Commit graph

2588 commits

Author SHA1 Message Date
Viktor Barzin
0a448c2bae docs: rewrite incident-response as user contribution guide
Complete rewrite of the user-facing documentation:
- How to report outages and request features
- Mermaid flow diagrams for both incident and feature request paths
- SLA expectations (automated vs human response times)
- Self-service checks before reporting
- Severity level definitions
- Status page explanation
- Full technical architecture section with component inventory
- Safety guardrails, labels, and commit conventions

[ci skip]

Co-Authored-By: Claude Opus 4.6 (1M context) <noreply@anthropic.com>
2026-04-15 17:59:09 +00:00
Viktor Barzin
cf578516e9 feat: auto-cleanup failed/evicted pods via Kyverno ClusterCleanupPolicy
Add cleanup-failed-pods policy that runs hourly (at :15) to delete all
pods in Failed phase cluster-wide. Prevents stale evicted and failed
CronJob pods from accumulating and creating healthcheck noise.

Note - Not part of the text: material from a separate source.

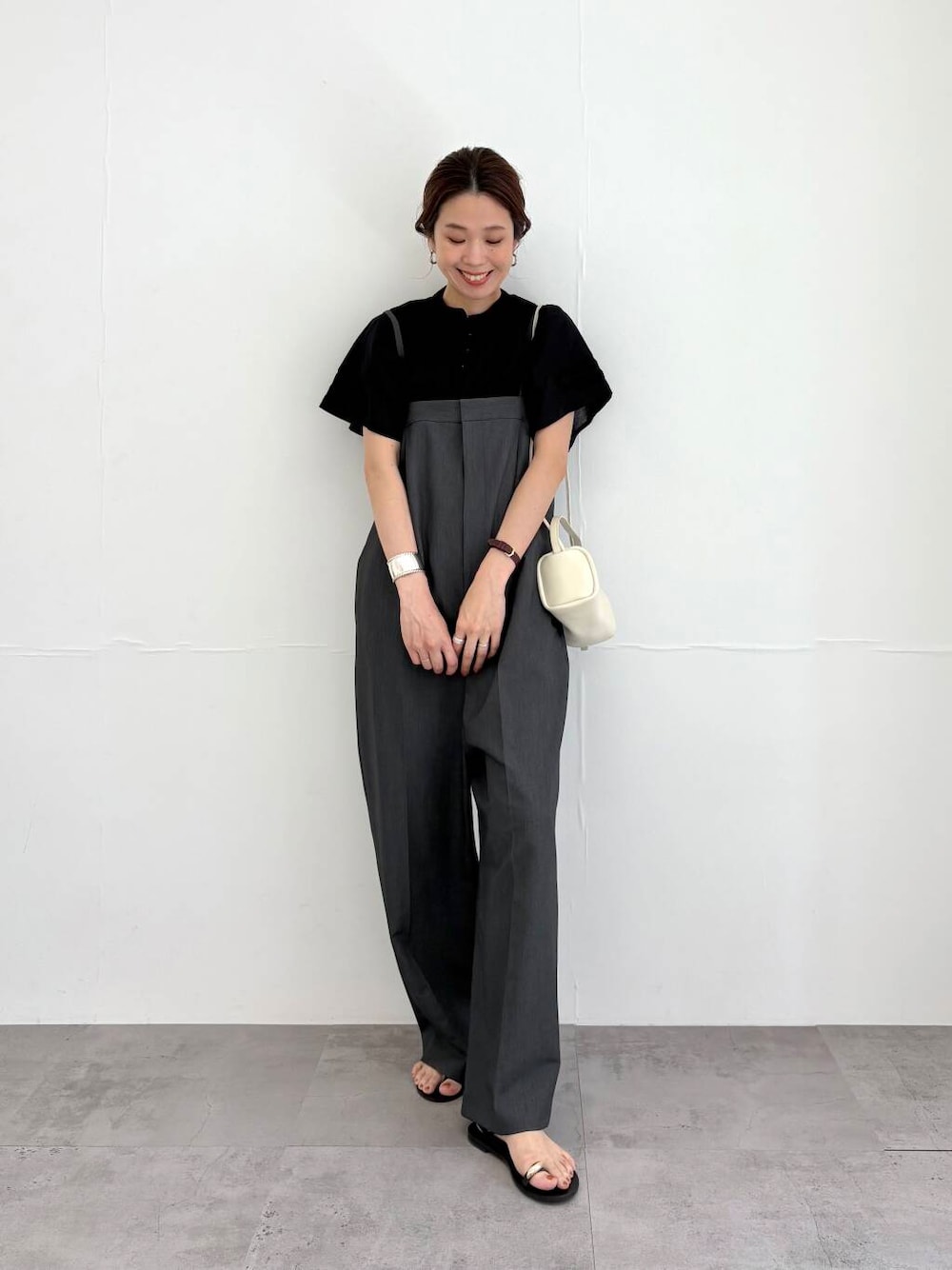 【167cmコメント】 ・ブラウス 二の腕ともしっかり隠れつつ、 薄手なので、すごく涼しいです! 柔らかい素材なので サロペットのインナーに着ても ゴワゴワしなかったですよ! ・サロペット フリーサイズです。 後ろにアジャスターもあり、 私の身長でも丈が短くならずに着れます! 身幅はゆとりがありますが、 Iラインですとんと、落ち感があるため 細く見えますよ! 生地は分厚すぎず、 通年着れそうです。 何か気になることがあれば下記へ お気軽にお問合せください😊 岡本インスタ @ai_okmt14 URなんばCITY店 050-2017-9044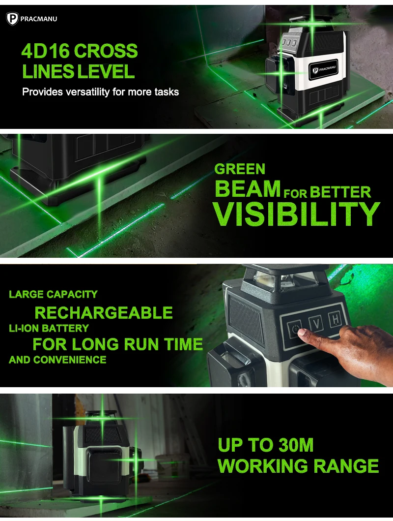 • 16 Lines for Accurate Measurement :The laser level has 16 lines, providing accurate measurements for both horizontal and vertical surfaces.

Also adds ClusterRole + ClusterRoleBinding to grant Kyverno cleanup
controller permission to delete Pods (not included by default).

[ci skip]

Co-Authored-By: Claude Opus 4.6 (1M context) <noreply@anthropic.com>
2026-04-15 17:37:49 +00:00
Viktor Barzin
f726d1c3fd fix: stash local changes before git pull in CI pipelines
DevVM may have unstaged changes from active sessions. Use git stash
before pull to avoid 'cannot pull with rebase: unstaged changes' errors.
Stash pop after to restore working state.

[ci skip]

Co-Authored-By: Claude Opus 4.6 (1M context) <noreply@anthropic.com>
2026-04-15 17:37:10 +00:00
Viktor Barzin
dcce76403a fix: use direct env vars for Woodpecker pipeline variables
Woodpecker injects manual pipeline variables as direct env vars
(e.g., $ISSUE_NUMBER), not as CI_PIPELINE_VARIABLE_* prefixed vars.
The provision-user pipeline already uses this pattern correctly.

[ci skip]

Co-Authored-By: Claude Opus 4.6 (1M context) <noreply@anthropic.com>
2026-04-15 17:34:42 +00:00
Viktor Barzin
704fa09185 fix: remove manual event from build-ci-image to fix issue automation
build-ci-image.yml had event:[push,manual] which caused it to run
on every manual pipeline trigger. Its registry_user/registry_password
secrets don't have the manual event, causing all manual pipelines to
error. Removed manual from its event list since it only needs push.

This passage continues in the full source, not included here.